Dänemark 2018. Regie: Rasmus Kloster Bro. Darsteller: Christine Sønderris, Samson Semere, Krešimir Mikic

Offizielle Synopsis: Rie ist PR-Journalistin und auf der gigantischen unterirdischen Baustelle der Kopenhagener Metro unterwegs, wo Arbeiter aus aller Welt zusammenarbeiten, um immer neue Tunnel durch den Stein zu fräsen. Eigentlich wollte sie die Männer zu ihrem ungewöhnlichen Arbeitsplatz interviewen, doch als sie sie auf dem Weg zum großen Bohrkopf begleitet, bricht im Inneren der Tunnel eine gewaltige Katastrophe aus. In einer Druckkapsel eingesperrt, harrt Rie mit zwei anderen auf Rettung. Als die ausbleibt und die Lage eskaliert, entfesselt sich ein unbändiger Überlebensinstinkt.

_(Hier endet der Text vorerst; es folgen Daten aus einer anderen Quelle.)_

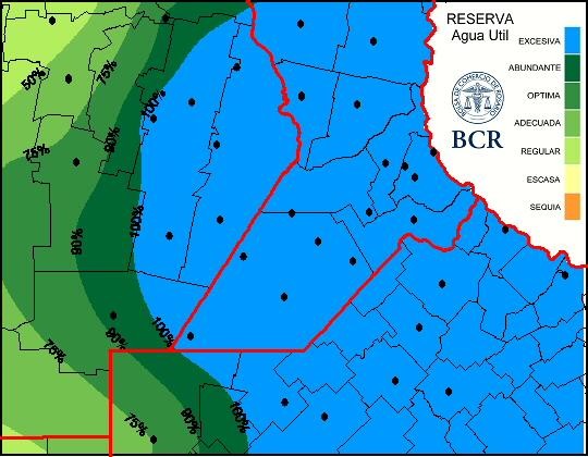 A nivel regional, 25% del área con trigo se encuentra en excelentes condiciones; 55% en buenas condiciones y 17% bajo condiciones buenas. Un 3% del área se considera en condiciones regulares a malas por mantenerse bajo agua en sectores bajos. Esos últimos cuadros se consideran perdidos por asfixia radicular.

Kritik: Schaut man unbedarft die ersten 15 Minuten von „Cutterhead“, wähnt man sich in einer dieser „Mega Machines“-Dokus, die auf N24 in der Dauerschleife laufen. Eine Journalistin vor Ort, auf der Suche nach „human interest stories“, Arbeiter aus aller Welt, gigantische Röhren, endlose Gänge, Stahl, Beton, Schlamm. Hier wird das ganz große Rad für die Zukunft der Infrastruktur gedreht. Ich war vor allem baff, dass die Filmemacher offensichtlich an einem echten (oder vergleichbaren) Schauplatz drehen durften. Man kann Männerschweiß und Maschinenöl förmlich riechen.

Rie wird denn auch weniger als Protagonistin im fiktionalen Sinne eingeführt – wir beobachten sie nur bei der mäßig interessanten Arbeit. Ein Digi-Foto da, eine banale Interviewfrage hier. Sie wird schon was draus stricken.

Wenn die Katastrophe hereinbricht, ist das zunächst nur ein leises Piepen einer Anzeige, ein rotes Licht auf einem Kontrollpaneel. Verwunderung, leichte Unruhe – gehen Sie zur Sicherheit mal in die Kompressionskammer…

Und hier macht „Cutterhead“ eben nicht den Fehler von „Paradox“ (so absurd der Vergleich in toto sicher sein mag): Wir bleiben bei Rie, sehen immer nur, was sie sieht, hören nur, was sie hört. Wir sind so eingesperrt, so blind und taub wie sie, ängstlich, hungrig nach Informationen und menschlichem Kontakt. Die Souveränität der Lokalreporterin weicht schnell der Panik einer von der Außenwelt abgeschnittenen Mutter und den überlebenswichtigen Sauerstoff zu teilen, das ist nur eine Option, bis er wirklich knapp wird…

Das ist erfreulich nüchtern, aber zunehmend druckvoll inszeniert und Kloster Bro findet genügend Wege, auch in der winzigen Kompressionskammer immer wieder neue Versuche und Niederlagen zu konstruieren. Es gibt hier keine einfachen Lösungen, keinen Technobabble wie in amerikanischen Science-Thrillern. Die schwere analoge Unterwelt ist nicht an einem hypermodernen Bildschirm umzuprogrammieren, wie es das Drehbuch gerade braucht.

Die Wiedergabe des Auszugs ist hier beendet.